We used different outcomes as validators of previously hypothesized staging models (Kapczinski et al., 2009), as well as empirical data (Berk et al., 2011a). As such, the outcomes available and tested here are on disability at baseline, the total number of days well and the longitudinal scores of depression, (hypo)mania, quality of life and functioning. Based on this, we constructed a priori statistical models, including available variables previously associated with outcome in bipolar disorder. A theoretical approach is preferred for the confirmation of hypothesis to other data-driven approaches as it avoids the problem of over-fitting (Babyak, 2004; Harrell et al., 1996). All models included baseline age (dichotomized at 65 years) and gender, low income (<$US20,000 a year), not living with a partner, having less than any college education and being on disability (except when it was the outcome). They also included the following clinical variables: current mood state (depressed, manic or euthymic), rapid cycling, current substance use or anxiety comorbidity, current smoking, childhood onset, baseline medications (lithium, other mood stabilizers, atypical antipsychotics, typical antipsychotics, benzodiazepines and antidepressants). Multiple dichotomic variables (<5, 5–10 and >10 episodes) were created to enter the number of previous episodes in the model. Finally, for the longitudinal analyses, an interaction term for study visit × more than 10 relapses was entered. In all multivariate models, a single-level (i.e. not hierarchical) analysis was used. As such, in the results, the variable of interest is reported adjusted for all other variables in the model.
Statistical analysis
Different methods were used according to the outcome variable. For baseline disability we used logistic regression. For the total number of days well we used negative binomial regression (Elhai et al., 2008). For the open-label longitudinal continuous data (MADRS, YMRS, RIFT, QLES), mixed effect models (Willett et al., 1998) were used. For the randomized pathway, we constructed a mixed effects model with the continuous SUM-D as the outcome. The model included time in treatment, group randomized and number of episodes as described above, plus two- and three-way interactions. Mixed effects models have many advantages over other methods of dealing with repeated measures. They include the ability of using all available data on each subject and being unaffected by randomly missing data; time effects can be flexibly modeled, allowing for the use of parsimonious variance and correlation patterns (Gueorguieva and Krystal, 2004).

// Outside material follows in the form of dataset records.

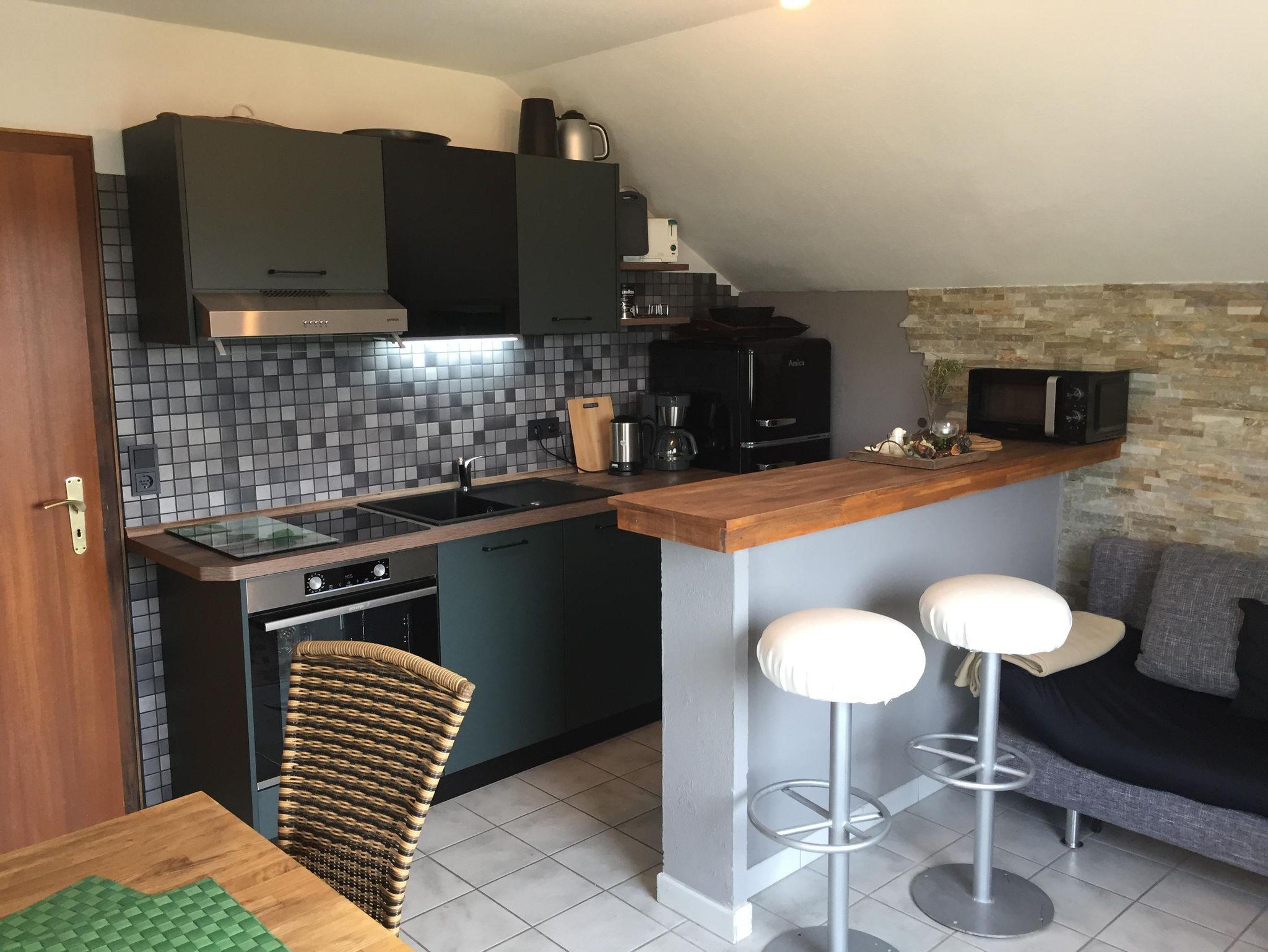 • Wohnküche mit Schlafcouch, Kühl/Gefrierkombination, Mikrowelle und Essgruppe.
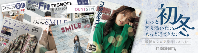 株式会社ニッセン(本社:京都市南区、代表取締役社長:羽渕淳)は、初冬シーズンの新作商品を掲載したカタログ8誌を、10月11日(水)に発行。デジタルカタログをニッセンオンラインショップ(https://www.nissen.co.jp/)で公開いたしました。また、ニッセンオンラインショップでは、ネット注文限定のお得なキャンペーンを開催しています。ぜひ、ニッセンで「ちょっといいな」を感じるお買い物を楽しんでください。
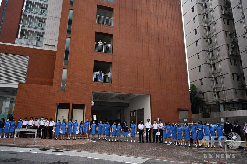 【9月9日 AFP】香港で9日早朝、複数の学校の生徒や卒業生、教師らが手をつないで「人間の鎖」をつくり、香港政府に5つの要求を受け入れるよう訴える抗議デモを行った。
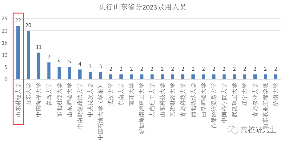 在中国人民银行山东省分行公布的2023年拟录取名单中,央行山东分行共录用我校毕业生22人,是录用人数最多的高校。
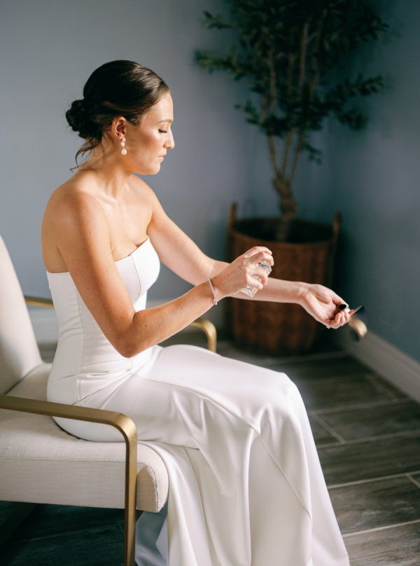 [field title=”Wedding Gown”]Courtney went with a chic and fashionable robe by Sarah Seven with a lovely neckline and deep leg slit so as to add a enjoyable flare.[/field]
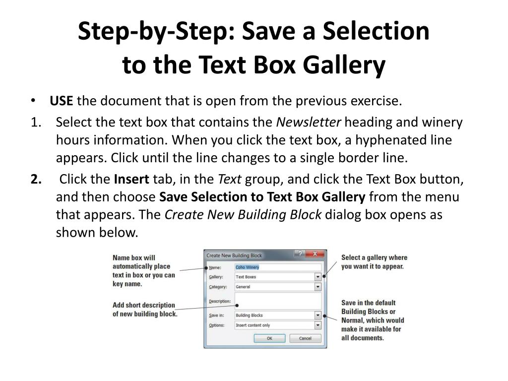 Step-by-Step: Save a Selection to the Text Box Gallery • USEthe document that is open from the previous exercise. • Select the text box that contains the Newsletter heading and winery hours information. When you click the text box, a hyphenated line appears. Click until the line changes to a single border line. • Click the Insert tab, in the Text group, and click the Text Box button, and then choose Save Selection to Text Box Gallery from the menu that appears. The Create New Building Block dialog box opens as shown below.
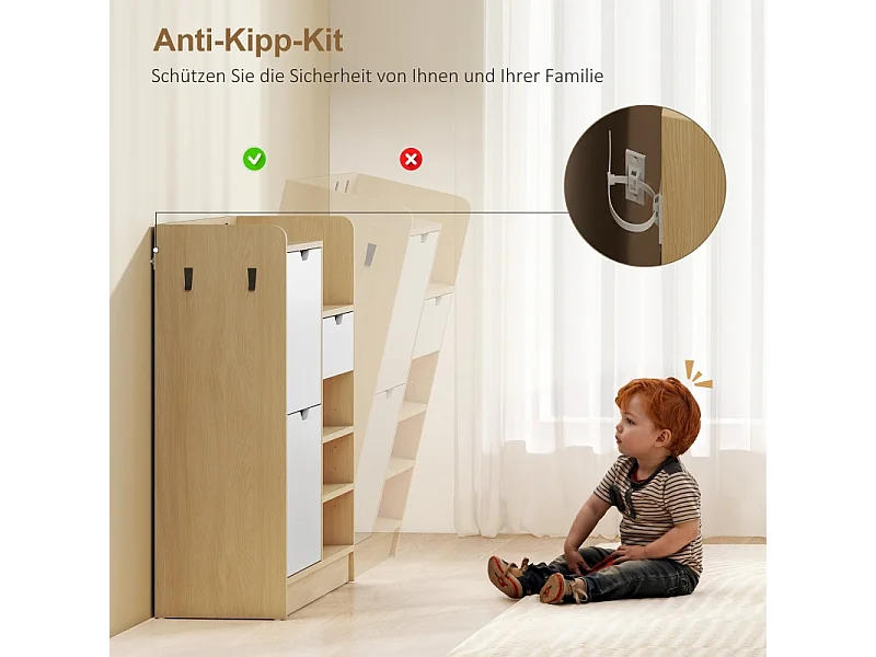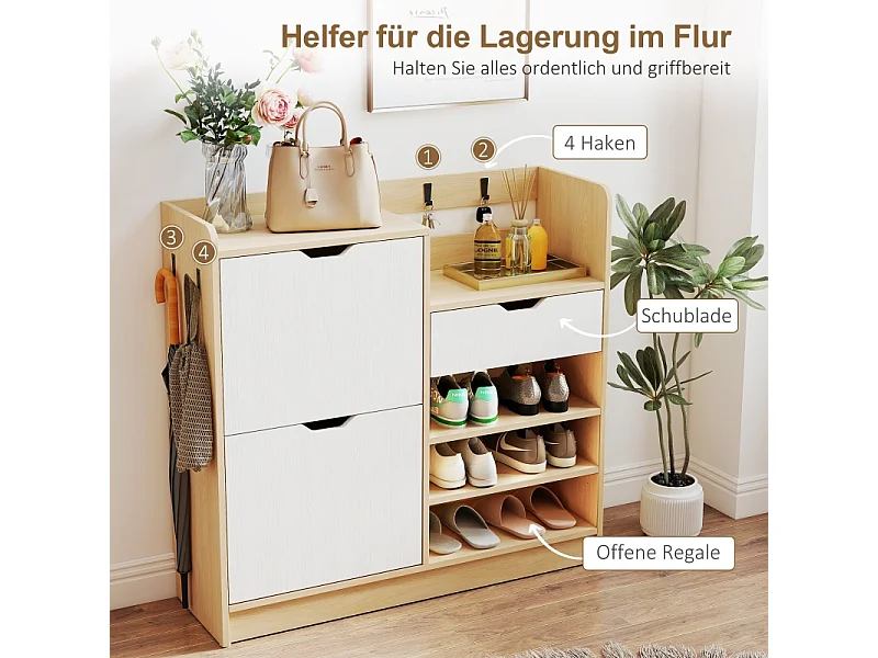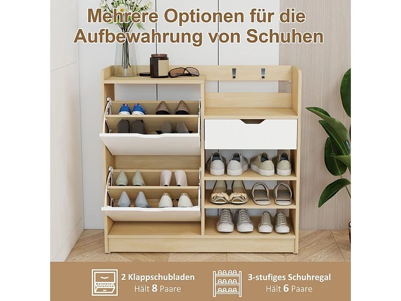 Scarpiera con ripiani e cassetti, in legno MDF e finitura naturale, (93x30x90 cm)

To be clear on the meaning of results of these models, ‘main effects’ of substantive predictors are differences between groups. These are variations on outcomes related to the predictors. We also tested for interactions between predictors and time. When a predictor interacts with time, its impact on outcome varies with time period (Willett et al., 1998). Akaike values (Wagenmakers and Farrell, 2004) were used for model comparison, and likelihood ratio tests indicated a better adequacy for a random intercept and slope model with unstructured co-variances. Residuals were inspected for normality.
Results
Baseline characteristics of the STEP-BD cohort, as well as bivariate differences according to number of episodes, are presented in Table 1. Overall, 57% of the sample was comprised of women; the median age for the cohort at intake was 39 [interquartile range (IQR) 29–49] and the median age at first episode was 19 (IQR 15–26). At baseline, 10.3% of participants had fewer than five previous episodes, 38.1% had between 5 and 10 and 51.6% had more than 10 previous episodes.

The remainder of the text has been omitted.